CME impacts Earth, sparks G2 - Moderate geomagnetic storm

Coronal mass ejection (CME) produced by M1.6 solar flare at 06:40 UTC on October 9, 2021, reached DSCOVR spacecraft at 01:48 UTC and Earth at 02:30 UTC on October 12, 2021. The impact sparked a G2 - Moderate geomagnetic storm.

In 24 hours to 00:30 UTC on October 12, solar wind conditions were indicative of mildly enhanced and disturbed conditions likely due to heliospheric current sheet (HCS) proximity and weak coronal hole high speed stream (CH HSS) effects.

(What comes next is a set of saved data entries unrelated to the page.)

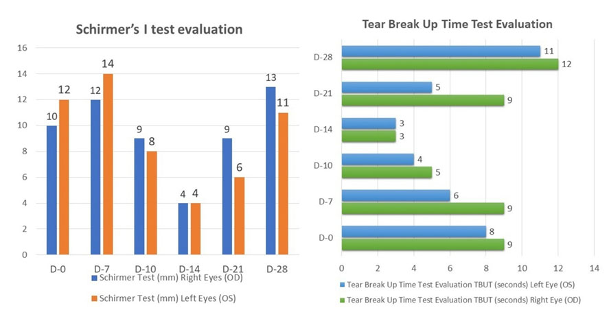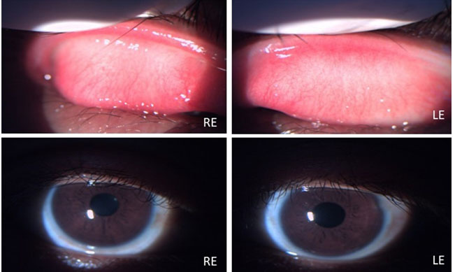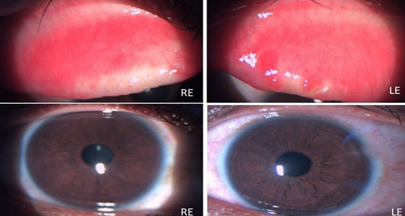 A 32-year-old woman complained of bilateral eye redness for one week with a teary eye, sensitivity to light, and watery discharge but without blurred vision. She did not feel like scratching her eye. She complained of a productive cough, stuffy nose, but without fever or pain in her eyes. She works at the bank using a computer, and she had a refractive lens exchange operation two years ago because of high myopia. There was no systemic condition such as immunocompromised or allergy. Her visual acuity was 6/6 on both eyes. Anterior segment examination revealed conjunctival hyperemia, edema, pseudomembrane, CVI, and PCVI on both eyes with filament on the left eye (Figure 1). She was given non-preservatives artificial tears eye drop and told to keep hygiene. She planned for several tests: ST 1, TBUT, Oxford Ocular Staining Score, and Ocular Surface Disease Index (OSDI) questionnaire. The following-up symptoms worsen on both eyes. She had membrane peeling with fluorometholone 0.1%, ofloxacin, non-preservative artificial tears eye drop. The Severe Acute Respiratory Syndrome Coronavirus 2 (SARS-CoV-2) rapid test came with positive IgG (Immunoglobulin G) result. After 14 days follow-up she had pseudomembrane with PCVI on both eyes (Figure 2). She had abnormal ST 1 and TBUT test evaluation on both eyes (Figure 3), with grade A-B Oxford Ocular Staining Score and high to low OSDI score up to 28 days follow-up (Figure 4). She achieved complete resolution after 28 days on both eyes (Figure 5).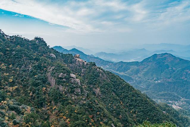 因为是初秋,山峦之上覆盖的植被开始变黄,让绵延的翠绿有了点缀。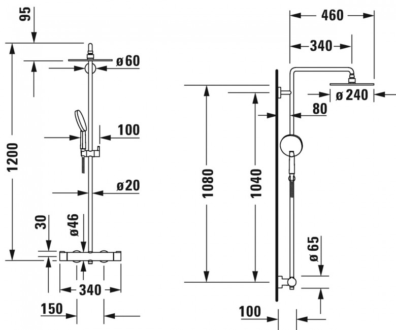 Душевая стойка для душа Duravit C.1 с термостатом хром C14280008010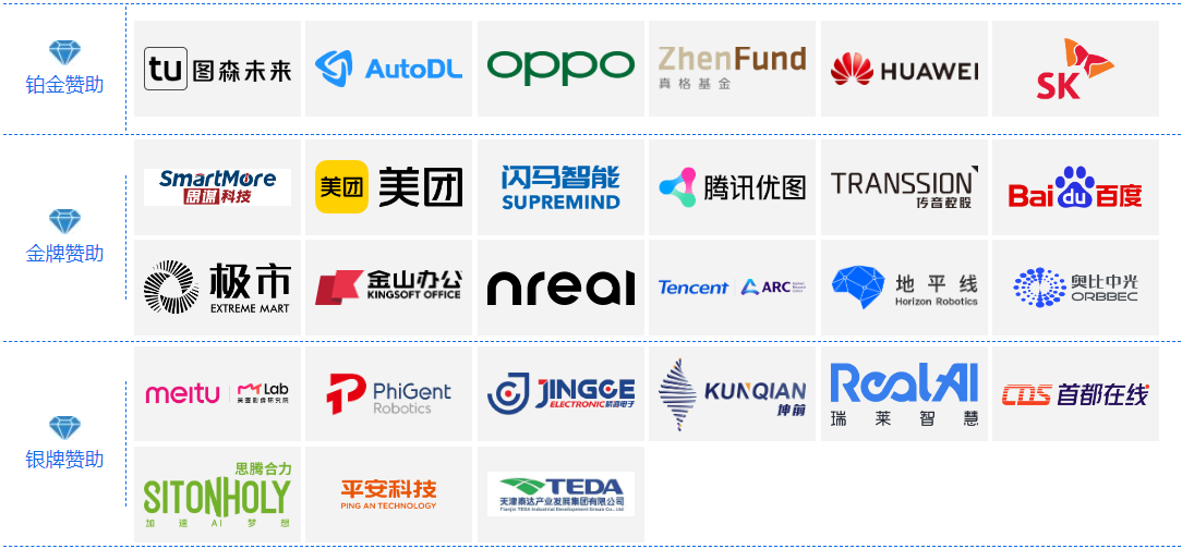 VALSE汇聚了全国乃至海外的优秀学者共聚一堂,也吸引了相关领域诸多一线企业慷慨赞助。本届会议共得到27家企业的赞助,其中包括6家铂金赞助商、12家金牌赞助商和9家银牌赞助商。上述企业不仅给予大会经费支持,同时还派出CEO或技术高管积极参与大会,以工业界技术进展报告和演示系统展示等不同方式,分享了来自工业界视角的宝贵经验,与大家交流了第一手企业需求并展望了未来发展。有了他们的积极参与,在VALSE这个舞台上,学术与工业两种不同的视角与思维在舞池中碰撞出火花,使VALSE大会成为了连接学术界和产业界的重要舞台。借此机会,我们要诚挚感谢大力赞助本届VALSE大会的企业,包括:图森未来、AutoDL、OPPO、真格基金、华为、韩国SK集团、深圳思谋信息科技有限公司、美团、闪马智能、腾讯优图、深圳传音控股股份有限公司、百度、极视角科技、北京金山办公软件股份有限公司、Nreal、腾讯ARC Lab、地平线、奥比中光、美图、鉴智机器人、武汉精测电子集团股份有限公司、坤前计算机、瑞莱智慧RealAI、首都在线、思腾合力(天津)科技有限公司、平安科技、天津泰达。感谢这些公司及其负责人和联系人为VALSE的顺利召开作出的贡献!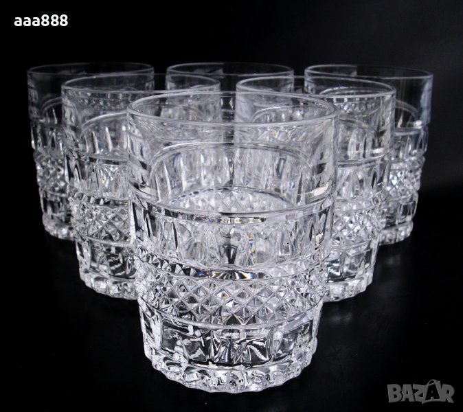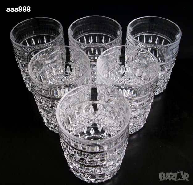 Комплект 6 броя луксозни кристални чаши за уиски. Чешко производство, нови, неупотребявани. Чашите са масивни, с богат фасетиран декор, гладък заоблен кант. Вместимостта им позволява да се сервира напитка с много лед. Височина 10.5 см, диаметър горе 8 см, диаметър на основата 7 см, дъно 1 см, вместимост 300 мл. Тегло на една чаша 450 грама.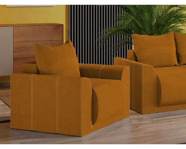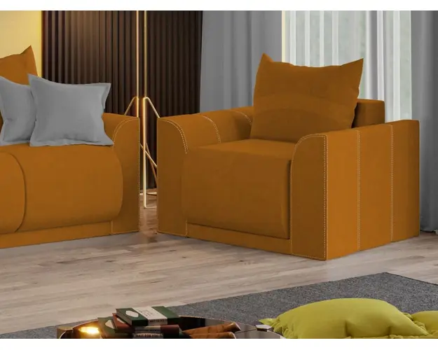 Fotoliu Nova Portocaliu Fotoliu Nova Portocaliu are un aspect aparte dat de liniile curbate de la sezut, brate si modelul pernei. Spatarul are o perna detasabila cu 2 fete, o fata cu model si una in culoare uni. Bratele si sezutul sunt rotunjite conferind un suport anatomic pentru maini si picioare. Te poti aseza astfel incat sa te simti bine si relaxat timp de multe ore, gratie pernei detasabile pentru spatar, care ofera sustinere corpului tau exact in pozitia dorita. Acesta are dimensiunea de: 88 cm lungime, 106 cm latime, 87 cm inaltime totala . Este tapitat cu stofa de calitate pe diverse culori. Atentie: Pretul afisat nu include alte accesorii sau obiecte de decor (pernele deco, tablouri, elemente de iluminat, covor etc.). Taburetele se pot achizitiona optional. Livrare gratuita si rapida, 4-10 zile lucratoare prin flota proprie Suntem producatori de tapiterii, fara intermediari, Toate piesele de tapiterii au o garantie de 2 ani Ofera fermitatea optima, dar si confortul dorit prin sezutul fotoliului care este pe relaxa (arcuri elicoidale si poliuretan) . Scheletul este rezistent, realizat pe structura solida de fag si pal . Fotoliu Nova Portocaliu se incadreaza cu usurinta in majoritatea locuintelor indiferent de stilul acestora. Puteti alege din mai multe culori pentru stofa. Produsele disponibile le puteti vedea aici Modele Nova . Dimensiuni Fotoliu Nova Latime: 88 cm Adancime: 106 cm Inaltime: 87 cm Latime intre brate: 48 cm Adancime sezut: 85 cm Inaltime sezut: 46 cm Inaltime perna: 45 cm Dimensiuni brate Inaltime brate: 63 cm Lungime brate: 106 cm Grosime brate: 20 cm Tapiterie Fotoliu Nova Portocaliu Tapiteria produsului este din stofa Portocalie. Nuanta acestui produs nu este pretentioasa, mascheaza eventualele evenimente neplacute prin care se poate murdari sau pata si se integreaza perfect in majoritatea locuintelor. Intretinere: se recomanda ca praful sa se stearga cu un material textil moale (finet) umed si sa nu se curete cu agenti chimici (diluant, acetona). Imaginile sunt cu titlu de prezentare si pot avea mici diferente de nuante in functie de display. Dimensiunile sunt exprimate in centimetri si pot oscila intre ± 50 mm. Produsul cu denumirea Fotoliu Nova Portocaliu face parte din brandul Mobila laguna, se afla in categoria Fotolii si subcategoria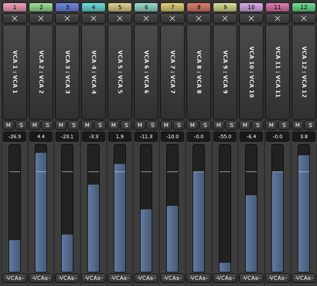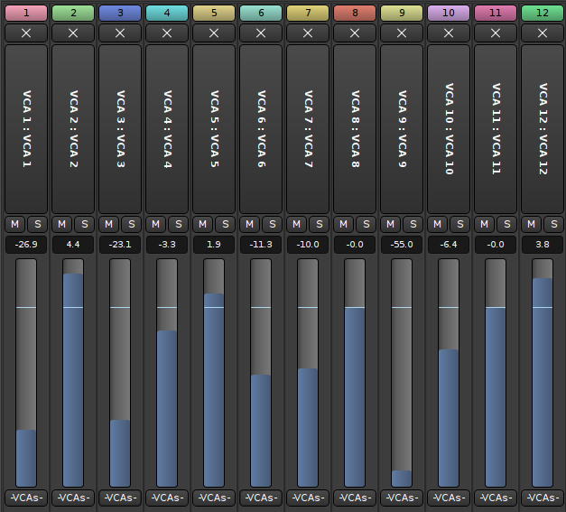 | Description | All other faders have a dark background but the VCA faders have a light background that makes it harder to see at a quick glance where the faders are, against the light blue foreground color. Adding more contrast and making the colors match the background color of the other faders would make this much easier to see. | ||||

Total interplanetary magnetic field (IMF) strength weakened from an early peak of 12 nT to an average of 5 - 6 nT. The Bz component varied, but was predominantly directed southward.

Solar wind speed at DSCOVR spacecraft rose sharply from 366 km/s at 01:42 UTC to 487 km/s at 01:48 UTC, signaling impact from October 9 CME.

Full halo CME produced on October 9, 2021. Credit: ESA/NASA SOHO LASCO C3

The CME reached Earth at around 02:30 UTC sparking G1 - Minor geomagnetic storm at 02:57 UTC and G2 - Moderate at 04:47 UTC.

G2 - Moderate geomagnetic storm potential impacts:

  • Area of impact primarily poleward of 55 degrees Geomagnetic Latitude.
  • Induced currents - Power grid fluctuations can occur. High-latitude power systems may experience voltage alarms.
  • Spacecraft - Satellite orientation irregularities may occur; increased drag on low Earth-orbit satellites is possible.
  • Radio - HF (high frequency) radio propagation can fade at higher latitudes.
  • Aurora - Aurora may be seen as low as New York to Wisconsin to Washington state.

CME influences are expected to wane on October 13, while weak isolated, positive polarity CH HSS influences may be noted, SWPC said.

October 14 is expected to be primarily quiet.

Multimedia

Note for readers new to space weather

This solar storm also sparked many clickbait articles across English tabloid media and other news portals whose only interest appears to be your views and clicks achieved through fear-mongering.

If you are interested in space weather, just keep calm and follow official sources like NOAA SWPC. There are great specialized websites out there and space weather enthusiasts you can follow on social media.